→ **Data for analysis**:
>>>>>

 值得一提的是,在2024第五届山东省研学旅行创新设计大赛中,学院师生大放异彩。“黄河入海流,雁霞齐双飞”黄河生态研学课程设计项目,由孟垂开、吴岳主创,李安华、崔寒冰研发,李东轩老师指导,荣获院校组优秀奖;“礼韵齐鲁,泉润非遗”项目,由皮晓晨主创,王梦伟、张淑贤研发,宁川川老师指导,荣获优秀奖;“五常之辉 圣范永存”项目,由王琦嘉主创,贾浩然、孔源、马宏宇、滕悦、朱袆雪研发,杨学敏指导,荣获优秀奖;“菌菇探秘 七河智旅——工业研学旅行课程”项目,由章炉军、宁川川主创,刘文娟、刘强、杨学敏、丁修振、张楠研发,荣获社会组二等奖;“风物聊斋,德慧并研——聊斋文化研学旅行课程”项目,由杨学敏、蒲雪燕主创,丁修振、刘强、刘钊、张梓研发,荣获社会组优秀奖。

<<<<<
>>>>>

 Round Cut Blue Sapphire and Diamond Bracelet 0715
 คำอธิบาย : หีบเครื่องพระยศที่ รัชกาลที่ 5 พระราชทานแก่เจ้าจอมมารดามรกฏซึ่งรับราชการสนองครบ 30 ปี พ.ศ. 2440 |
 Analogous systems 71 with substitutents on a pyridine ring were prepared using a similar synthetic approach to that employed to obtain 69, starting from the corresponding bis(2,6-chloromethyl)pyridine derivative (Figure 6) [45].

<<<<<
>>>>>

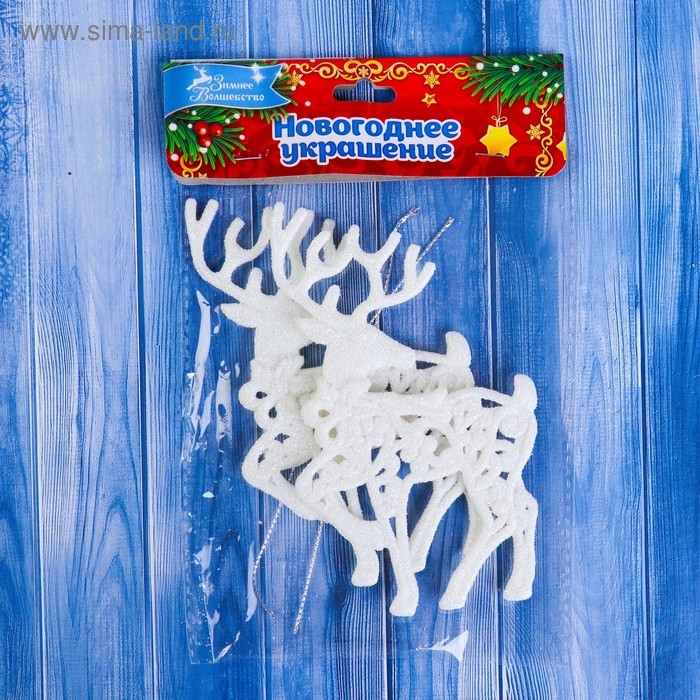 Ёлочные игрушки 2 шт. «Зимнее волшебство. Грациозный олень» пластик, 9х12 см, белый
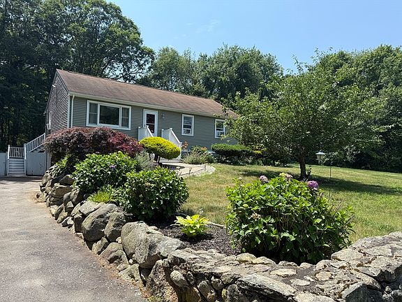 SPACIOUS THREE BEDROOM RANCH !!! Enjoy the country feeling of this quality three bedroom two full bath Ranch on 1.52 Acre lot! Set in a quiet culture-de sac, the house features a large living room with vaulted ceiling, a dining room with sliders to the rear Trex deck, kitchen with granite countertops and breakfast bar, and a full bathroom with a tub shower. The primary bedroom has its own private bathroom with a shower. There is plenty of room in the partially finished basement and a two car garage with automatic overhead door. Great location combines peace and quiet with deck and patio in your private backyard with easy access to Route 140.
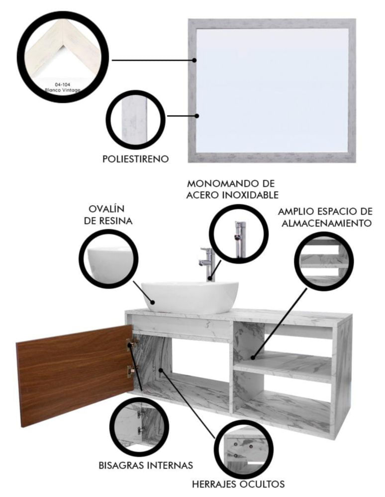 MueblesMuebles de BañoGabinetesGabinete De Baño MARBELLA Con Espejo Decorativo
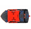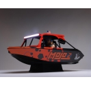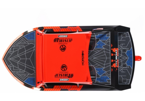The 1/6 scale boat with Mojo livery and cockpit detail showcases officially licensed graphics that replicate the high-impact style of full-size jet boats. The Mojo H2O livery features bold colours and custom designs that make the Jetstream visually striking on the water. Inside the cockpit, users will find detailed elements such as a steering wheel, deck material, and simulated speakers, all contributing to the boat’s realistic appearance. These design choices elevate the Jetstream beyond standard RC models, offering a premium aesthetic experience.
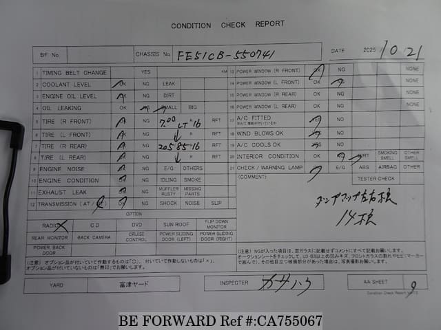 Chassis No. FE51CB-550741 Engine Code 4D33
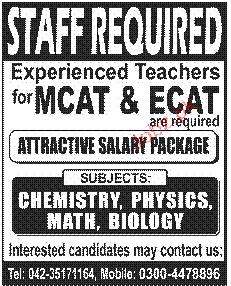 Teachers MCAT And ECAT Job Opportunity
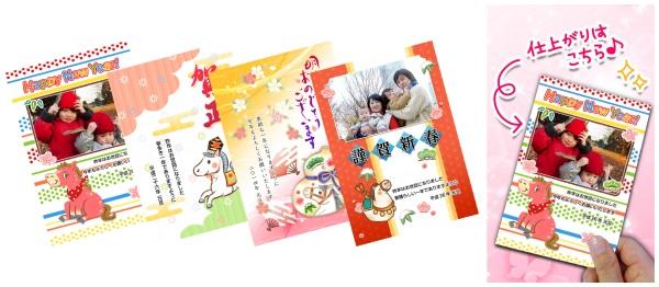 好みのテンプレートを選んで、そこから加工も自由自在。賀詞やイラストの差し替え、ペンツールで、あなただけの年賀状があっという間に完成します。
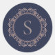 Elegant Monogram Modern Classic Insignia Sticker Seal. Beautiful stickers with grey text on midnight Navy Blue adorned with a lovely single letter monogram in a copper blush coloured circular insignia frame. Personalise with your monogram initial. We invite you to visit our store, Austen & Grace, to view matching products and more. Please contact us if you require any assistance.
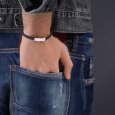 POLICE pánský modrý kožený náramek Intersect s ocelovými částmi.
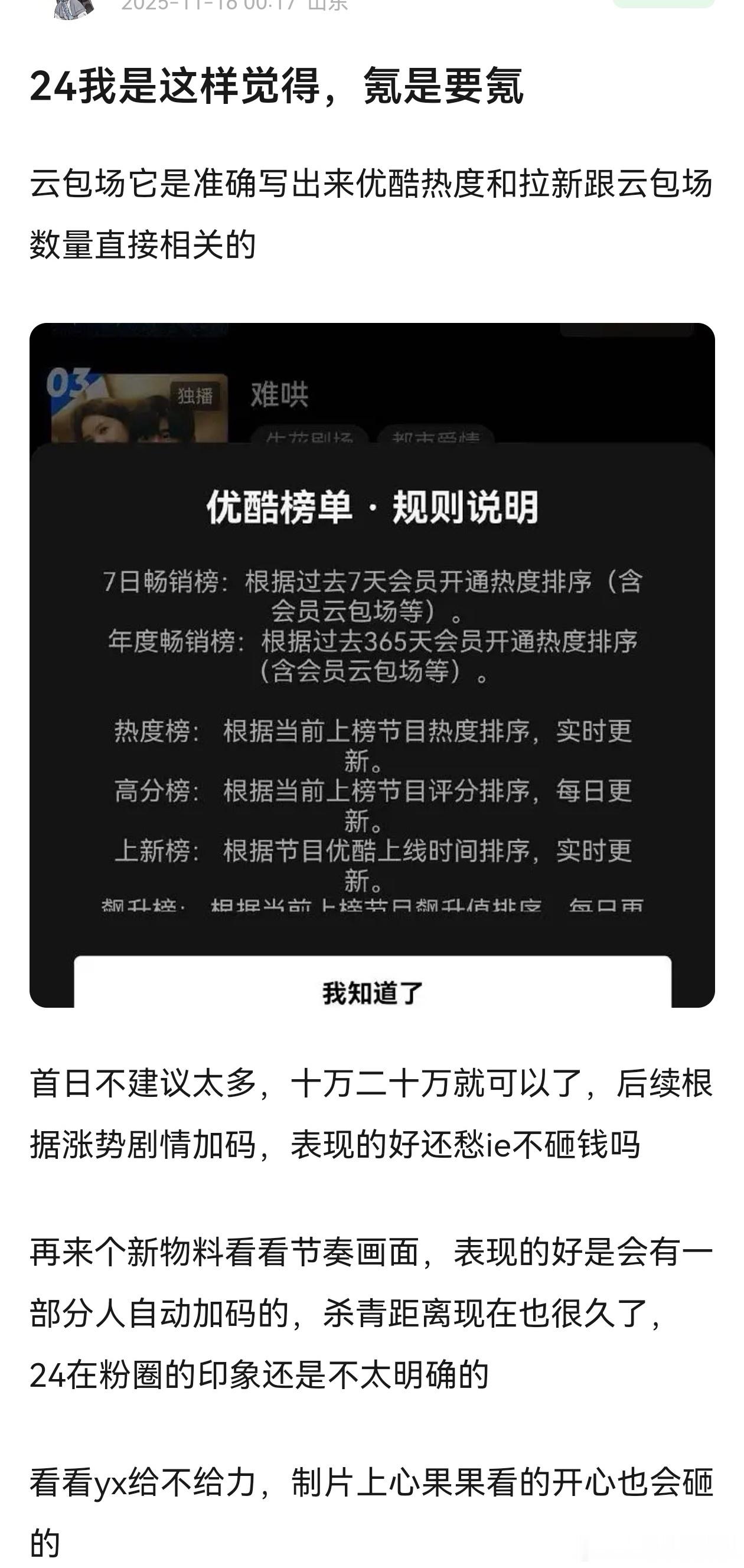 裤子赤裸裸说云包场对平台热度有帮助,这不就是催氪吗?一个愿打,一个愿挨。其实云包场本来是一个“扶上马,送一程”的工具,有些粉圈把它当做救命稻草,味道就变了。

<<<<<

→ **Problem to solve**: What are the lines in the records above, word for word, from the one containing "MueblesMuebles de BañoGabinetesGabinete" through the one containing "裤子赤裸裸说云包场对平台热度", both ends included and pictures left out?

→ **Your response**:
 MueblesMuebles de BañoGabinetesGabinete De Baño MARBELLA Con Espejo Decorativo
The 1/6 scale boat with Mojo livery and cockpit detail showcases officially licensed graphics that replicate the high-impact style of full-size jet boats. The Mojo H2O livery features bold colours and custom designs that make the Jetstream visually striking on the water. Inside the cockpit, users will find detailed elements such as a steering wheel, deck material, and simulated speakers, all contributing to the boat’s realistic appearance. These design choices elevate the Jetstream beyond standard RC models, offering a premium aesthetic experience.
 Chassis No. FE51CB-550741 Engine Code 4D33
 Teachers MCAT And ECAT Job Opportunity
 好みのテンプレートを選んで、そこから加工も自由自在。賀詞やイラストの差し替え、ペンツールで、あなただけの年賀状があっという間に完成します。
 Elegant Monogram Modern Classic Insignia Sticker Seal. Beautiful stickers with grey text on midnight Navy Blue adorned with a lovely single letter monogram in a copper blush coloured circular insignia frame. Personalise with your monogram initial. We invite you to visit our store, Austen & Grace, to view matching products and more. Please contact us if you require any assistance.
 POLICE pánský modrý kožený náramek Intersect s ocelovými částmi.
 裤子赤裸裸说云包场对平台热度有帮助,这不就是催氪吗?一个愿打,一个愿挨。其实云包场本来是一个“扶上马,送一程”的工具,有些粉圈把它当做救命稻草,味道就变了。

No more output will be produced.